_Problem details_
Write out the records below from the first line through the line containing "我集團與海豐國際本年度第三次", leaving out any pictures.

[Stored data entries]
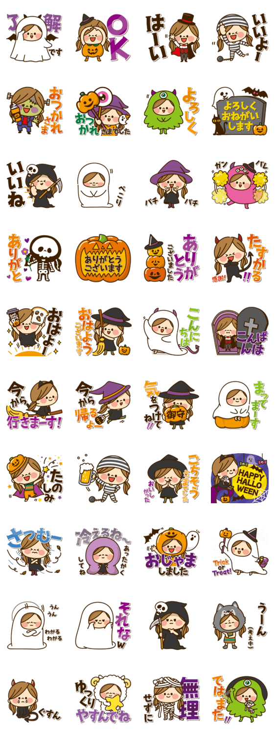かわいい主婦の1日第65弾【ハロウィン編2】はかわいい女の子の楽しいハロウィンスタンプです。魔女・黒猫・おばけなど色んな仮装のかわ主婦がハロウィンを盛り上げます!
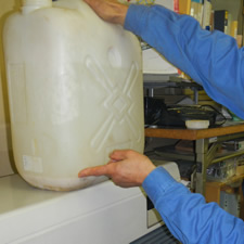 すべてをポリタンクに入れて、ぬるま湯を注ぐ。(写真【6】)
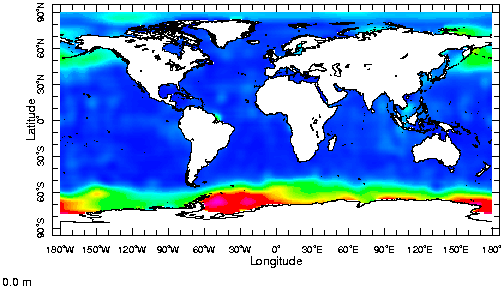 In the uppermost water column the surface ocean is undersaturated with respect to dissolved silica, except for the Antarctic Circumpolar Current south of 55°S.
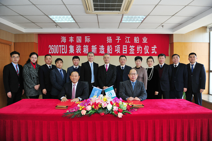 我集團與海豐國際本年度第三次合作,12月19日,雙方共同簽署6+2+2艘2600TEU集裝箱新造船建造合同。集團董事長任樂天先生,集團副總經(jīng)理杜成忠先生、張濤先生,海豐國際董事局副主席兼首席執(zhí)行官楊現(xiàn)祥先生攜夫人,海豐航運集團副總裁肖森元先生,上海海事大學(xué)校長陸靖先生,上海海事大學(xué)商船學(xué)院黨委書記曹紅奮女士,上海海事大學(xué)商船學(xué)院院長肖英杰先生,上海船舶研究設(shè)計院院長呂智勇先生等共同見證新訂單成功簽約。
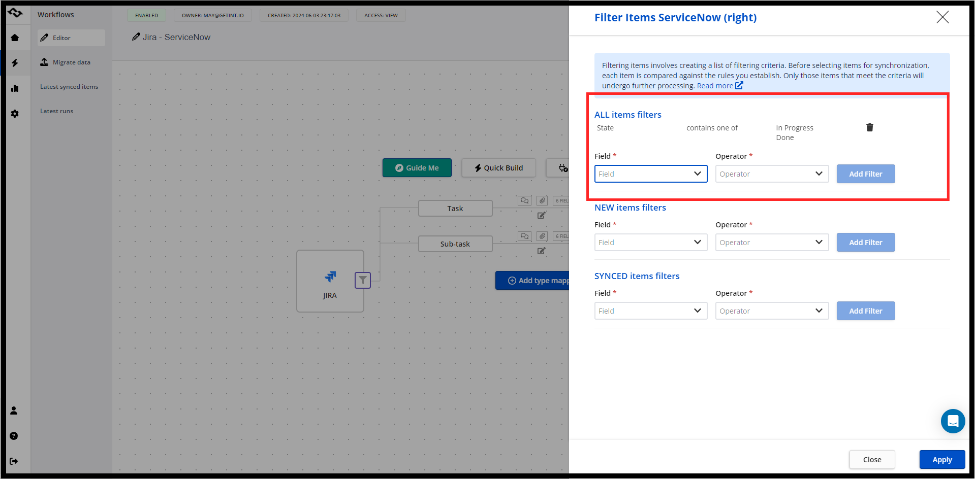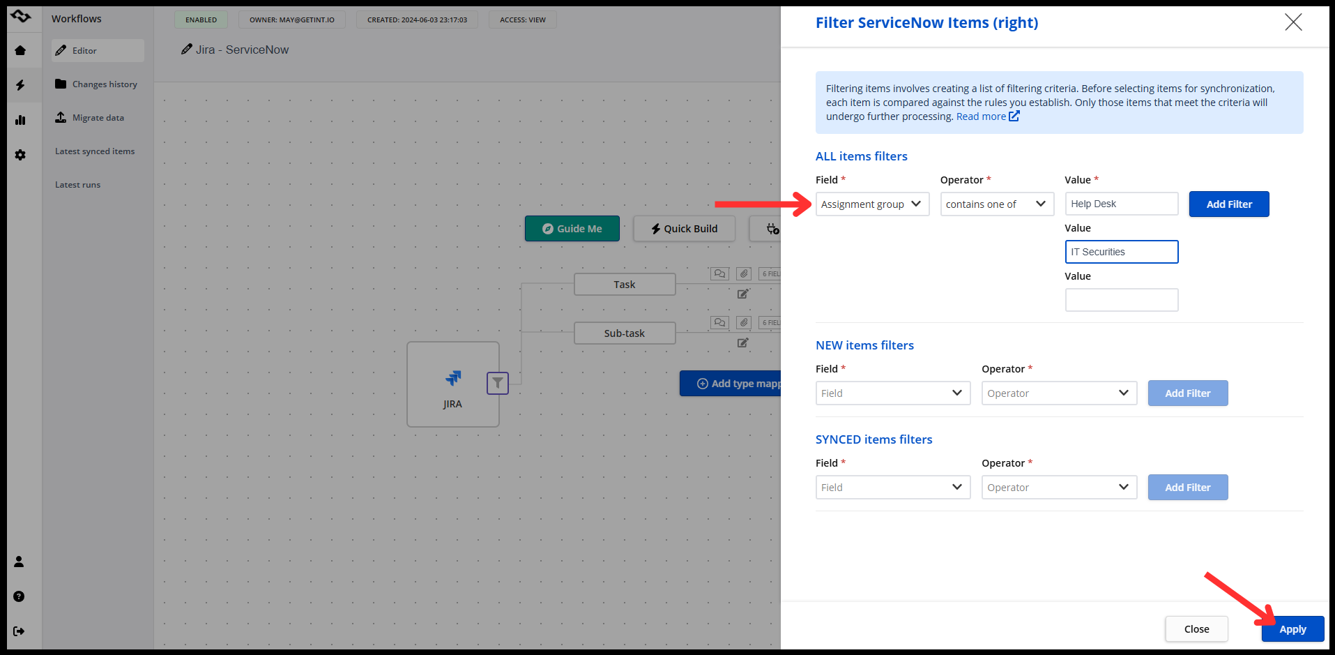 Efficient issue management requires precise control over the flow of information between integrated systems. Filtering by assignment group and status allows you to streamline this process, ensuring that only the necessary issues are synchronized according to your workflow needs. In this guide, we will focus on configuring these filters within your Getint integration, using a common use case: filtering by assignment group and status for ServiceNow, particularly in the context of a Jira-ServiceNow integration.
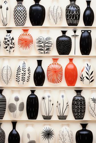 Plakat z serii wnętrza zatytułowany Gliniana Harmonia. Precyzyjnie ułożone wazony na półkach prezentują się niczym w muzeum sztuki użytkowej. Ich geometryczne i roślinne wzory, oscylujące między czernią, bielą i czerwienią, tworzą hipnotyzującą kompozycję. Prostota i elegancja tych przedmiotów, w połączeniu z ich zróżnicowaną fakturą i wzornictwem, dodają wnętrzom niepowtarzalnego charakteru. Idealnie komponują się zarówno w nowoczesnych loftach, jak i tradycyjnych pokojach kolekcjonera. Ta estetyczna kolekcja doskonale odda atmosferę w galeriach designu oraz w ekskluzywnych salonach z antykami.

_Problem solution_
かわいい主婦の1日第65弾【ハロウィン編2】はかわいい女の子の楽しいハロウィンスタンプです。魔女・黒猫・おばけなど色んな仮装のかわ主婦がハロウィンを盛り上げます!
 すべてをポリタンクに入れて、ぬるま湯を注ぐ。(写真【6】)
 In the uppermost water column the surface ocean is undersaturated with respect to dissolved silica, except for the Antarctic Circumpolar Current south of 55°S.
 我集團與海豐國際本年度第三次合作,12月19日,雙方共同簽署6+2+2艘2600TEU集裝箱新造船建造合同。集團董事長任樂天先生,集團副總經(jīng)理杜成忠先生、張濤先生,海豐國際董事局副主席兼首席執(zhí)行官楊現(xiàn)祥先生攜夫人,海豐航運集團副總裁肖森元先生,上海海事大學(xué)校長陸靖先生,上海海事大學(xué)商船學(xué)院黨委書記曹紅奮女士,上海海事大學(xué)商船學(xué)院院長肖英杰先生,上海船舶研究設(shè)計院院長呂智勇先生等共同見證新訂單成功簽約。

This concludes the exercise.